India is moving quickly on a plan to open its $450 billion retail sector to global players such as Wal-Mart, the country's industry secretary said on Wednesday, in a sign the government may be pressing ahead with a key reform.
It is not the first time the government has vowed to speedily allow direct foreign investment in the Asian giant's modern supermarkets. But concerns about job losses and wrangling over infrastructure investment have sparked worries the reform is on the backburner.
Foreign retailers such as Wal-Mart, Carrefour SA, Tesco Plc and Metro AG see India's 1.2 billion population as one of the world's last largely untapped markets.
"Please don't ask me for a timeline, but we are proceeding very fast," Industry Secretary R.P. Singh told Reuters in an interview. "It's certainly not on the back burner."
The move is seen by many in government as crucial to tame high food prices, but the plan has not yet been approved by the cabinet, with job-loss concerns ahead of state elections next year and a general election in 2014 slowing policy.
"In the short run there is a feeling that there will be some displacement of the local mom and pop stores," Singh said. He said he believed supermarkets would be positive for job creation in the long run.
The government does not need parliament's approval for the move, but is proceeding cautiously to avoid any possible fall-out, having faced mass protests over corruption and soaring prices in the past year.
The minister's statement may boost hopes the reform will soon be brought to the cabinet for final approval, with stumbling blocks more about details like the actual FDI cap percentage rather than the principle of the reform itself.
Rotting Harvests
Currently, up to 40 per cent of India's harvests rot because of inadequate cold storage and supply bottlenecks, a situation some economists say foreign money in supermarkets will help resolve.
"The idea is that the multi-brand retail should be able to help us in addressing the infrastructure gap, so the back-end infrastructure is very important for us," Singh said.
"They have to reinvent their model in India. They have to ensure that the value chain gaps are addressed, otherwise the benefits will not come to the consumer."
He said concerns that such conditions would be too restrictive on companies were unfounded.
"Conditions are not such that they will reduce the viability of the global players here," he said.
At the moment, India allows 51 per cent foreign investment in single-brand retailers and 100 per cent of wholesale operations.
A committee of top civil servants, of which Singh was a member, in July agreed to recommend to the cabinet allowing foreign firms to take a 51 per cent stake in multi-brand retail operations.
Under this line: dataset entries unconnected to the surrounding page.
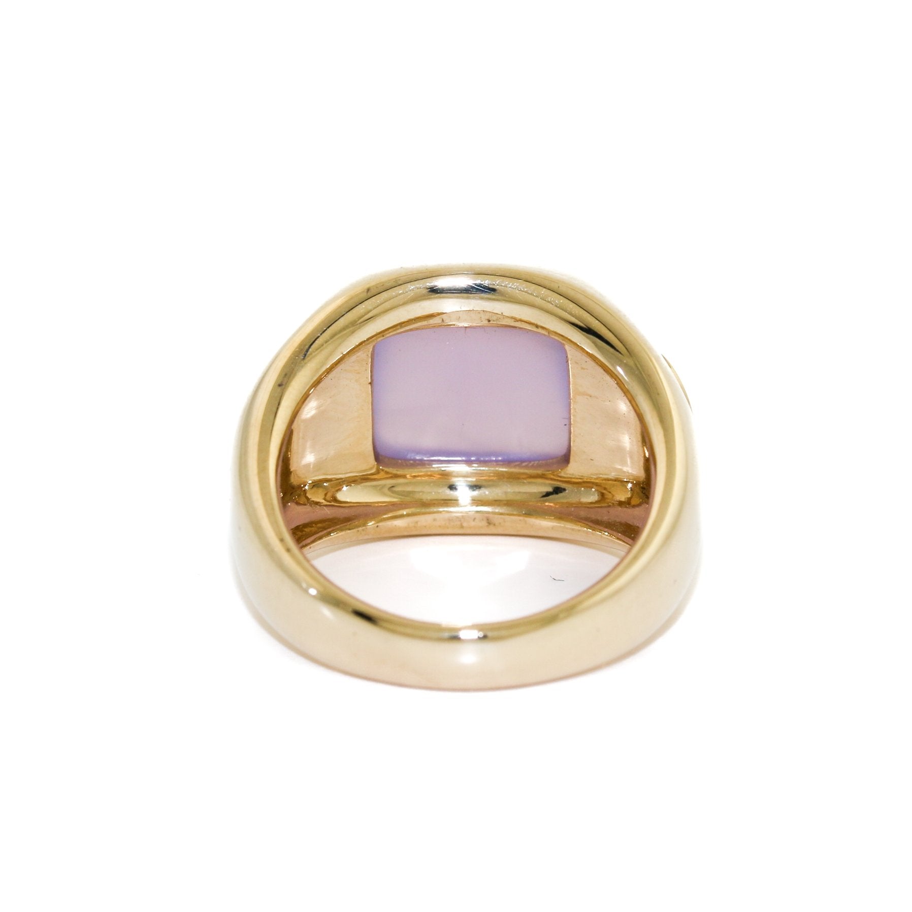 Step into a world of enchantment with this stunning 14kt yellow gold gypsy set ring, adorned with a captivating combination of chalcedony and Sleeping Beauty turquoise. The delicate soft purple hue of the chalcedony is exquisitely complemented by the vivid blue of the Sleeping Beauty turquoise, evocative of a clear summer sky.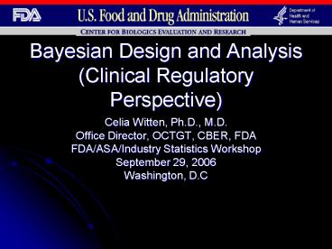 Title: Bayesian Design and Analysis (Clinical Regulatory Perspective)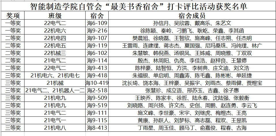 为加强宿舍文化内涵建设,使学生具备文明生活的基本素养,营造和谐健康的宿舍生活与学习环境,11月14日至11月20日,智能制造学院组织了“最美书香宿舍”品牌活动。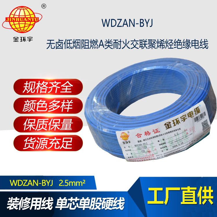 WDZAN-BYJ:即為銅芯無(wú)鹵低煙阻燃A類耐火交聯(lián)聚烯烴絕緣電線,是指電線的絕緣層材料鹵素物質(zhì),在燃燒的情況下,不釋放含鹵氣體,煙霧濃度低,參照標(biāo)準(zhǔn)為JB/T 10491-2004,型號(hào)有WDZAN-BYJ、WDZBN-BYJ、WDZCN-BYJ等,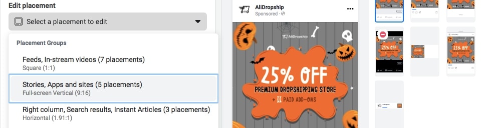 Facebook also lets you pick from a huge variety of sizes, with each suiting a particular placement type (i.e. where the ad will be shown). But our team recommends using the standard placement groups – square (1:1), vertical (9:16) and horizontal (1.91:1).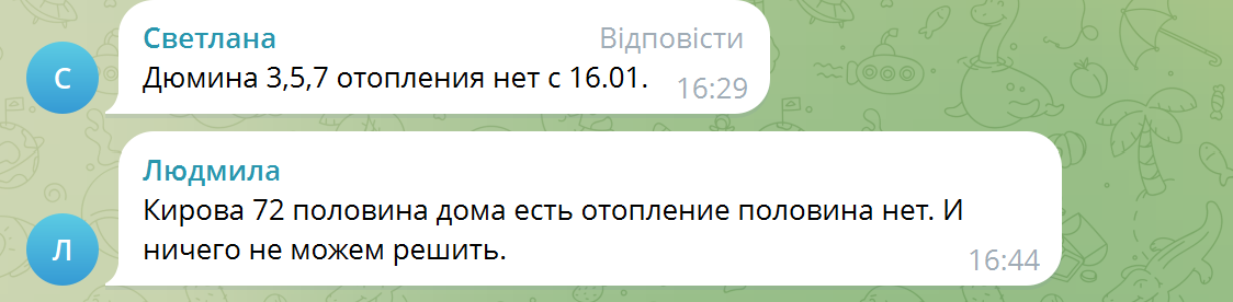 Наразі всі міські котельні працюють, однак тепло є не в усіх домівках. Біля будинку культури «Нафтохімік» у мікрорайоні Колонія замерзла наземна ділянка теплотраси. Через це без опалення залишаються 32 житлових будинки. Про це «Бердянськ 24» дізнався з публікації в тг-каналі гауляйтера Євгена Балицького.

August Industrial Growth Weak
Turning to wider economic issues, Singh also said industrial growth was weak in August, as businesses held back investments because of high inflation and interest rates.
"Capacity addition is a big worry for us," he said.
"Unless there is fresh capacity addition the growth will not be possible," he said. "In the last... four years I would say the capacity addition has been very limited.
India's industrial growth slumped to its weakest rate in nearly two years in July.